As told by Phoenix

I've been disabled since birth with Cerebral Palsy. I've been working in the job force since I was about 16 years old. My first job was as a coach, where I worked with children with disabilities. Always ambulatory, I never felt that I had an issue finding employment….until about four years ago. As I was in a wheelchair on a more permanent basis, I found myself laid off from a job that I had been employed at for almost 10 years. It wasn't that I couldn't find a job to interview for. It was more so, that uncomfortable moment when I went to interview for a job, and they realize, for the first time, that I’m in a wheelchair.

The entire interview process always see to be heightened and more traumatic by this fact. Or at least, that was always my perception of the situation. I always seemed to receive that “deer in headlights” look from interviewers. I don't know if it was because they were afraid to hire someone in a wheelchair, or if they were too afraid to speak their mind, in fear of saying something offensive. Either way, I always got the distinct feeling that my being in a wheelchair was a problem for them. That it made them uncomfortable. Uneasy. And to be quite honest, I was never sure if my being in a wheelchair was the reason I didn’t get a certain job, or if it was because I wasn’t qualified enough. This was a source of great frustration for me.

I got to a place where I was very torn within myself, so much so, that I often struggled with how to approach future interviews. Should I disclose my disability before the interview to better prepare them, or not say anything at all? I feared that if said too much, an excuse might be made to cancel the interview altogether. Long story short, I found Project HIRED in a very serendipitous way; and I'm glad that I did. From the moment I walked through the doors and was greeted by a very nice woman named Vera, my experience at Project HIRED has been a blessing! They offered me a series of workshops to sharpen my skills, which were very beneficial, particularly the computer classes, and the mock job interview workshops. I'd like to think that the main reason I was able to acquire the first job I applied for after entering the program was because of all the prep work that the Project HIRED staff and volunteers helped me complete.

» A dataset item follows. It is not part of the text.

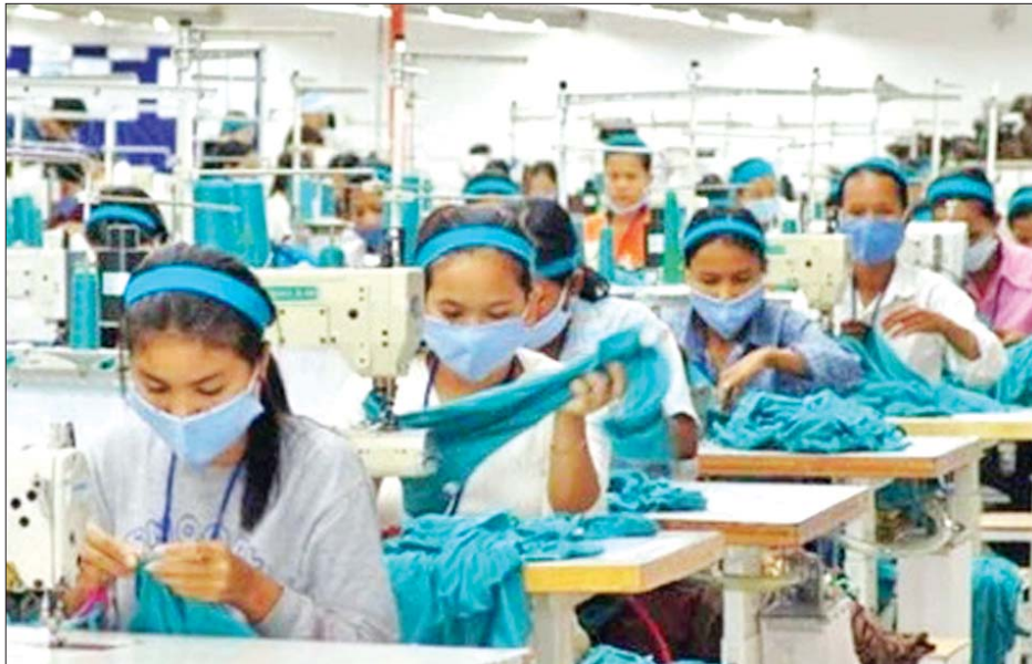
ကြိတ်ခွဲပြီးဆန်၊ ငှက်ပျောသီး၊ သီဟိုဠ်စေ့နှင့် ကွမ်းသီးနှင့် ခရီးသွားထုတ်ကုန်၊ ရေနံ၊ ဆောက်လုပ်ရေးပစ္စည်း၊ ဖုန်း၊ ဆိုင်ကယ်နှင့် လူသုံးကုန်ပစ္စည်းများဖြစ်

ယခုနှစ် ပထမနှစ်လအတွင်း ပြည်ပကုန်တန်ဖိုး သည် ကန်ဒေါ်လာ ၄ ဒသမ ၄၆ ဘီလီယံရှိလာခဲ့ပြီး ယမန်နှစ် အလားတူကာလထက် ၁၁ ဒသမ ၉ ရာခိုင်နှုန်း ပိုမိုမြင့်တက်လာကာ သွင်းကုန်တန်ဖိုးမှာ ကန်ဒေါ်လာ ၄ ဒသမ ၉၈ ဘီလီယံရှိလာခဲ့ကြောင်း သိရသည်။ တရုတ်နိုင်ငံသည် ကမ္ဘောဒီးယားနိုင်ငံ၏ အကြီးဆုံးကုန်သွယ်ဖက်နိုင်ငံဖြစ်ကာ ၎င်း၏နောက်တွင် အမေရိကန်၊ ဗီယက်နမ်၊ ထိုင်းနှင့် ဂျပန်နိုင်ငံတို့ တည်ရှိနေသည်။ ကမ္ဘောဒီးယားနိုင်ငံ၏ ပို့ကုန်များမှာ အဝတ်အထည်၊ ဖိနပ်နှင့် ခရီးသွားထုတ်ကုန်၊ စက်ဘီး၊ တာယာ၊ ဆိုလာပြား၊ ရော်ဘာခြောက်၊

What was key for me was that I knew that the people I was interviewing with already had a relationship with Project HIRED and they knew right out of the gate that they would be interviewing with someone who has a disability. Knowing that my interviewers were fully aware of my disability before I even entered the interview was a source of great peace for me and allowed me to have greater confidence in the interview itself. My heart's desire is that more companies will jump on board; letting Project HIRED be a liaison between the employer and prospective employee, who is living with a disability in some way. It makes the whole job-search process for both employer and employee less daunting. I am particularly impressed with how Project HIRED was so willing to continue to assist me even after I received a contract position through them with the Veterans Administration. Initially, I experienced some accessibility issues, but Project HIRED jumped right in to do what they could to make the situation better for me.

Project HIRED has been there for me through all the different stages of my job endeavors. I am very grateful that a nonprofit like Project HIRED exists to help individuals with disabilities find employment while raising their clients’ self-esteem and helping them become contributing members of society. The most beautiful part about the program is that they do all of this for free. The fact that their services were free was a wonderful burden off my shoulders. I'm truly grateful for everything Project HIRED has done for me individually and I hope will do for many more people like me.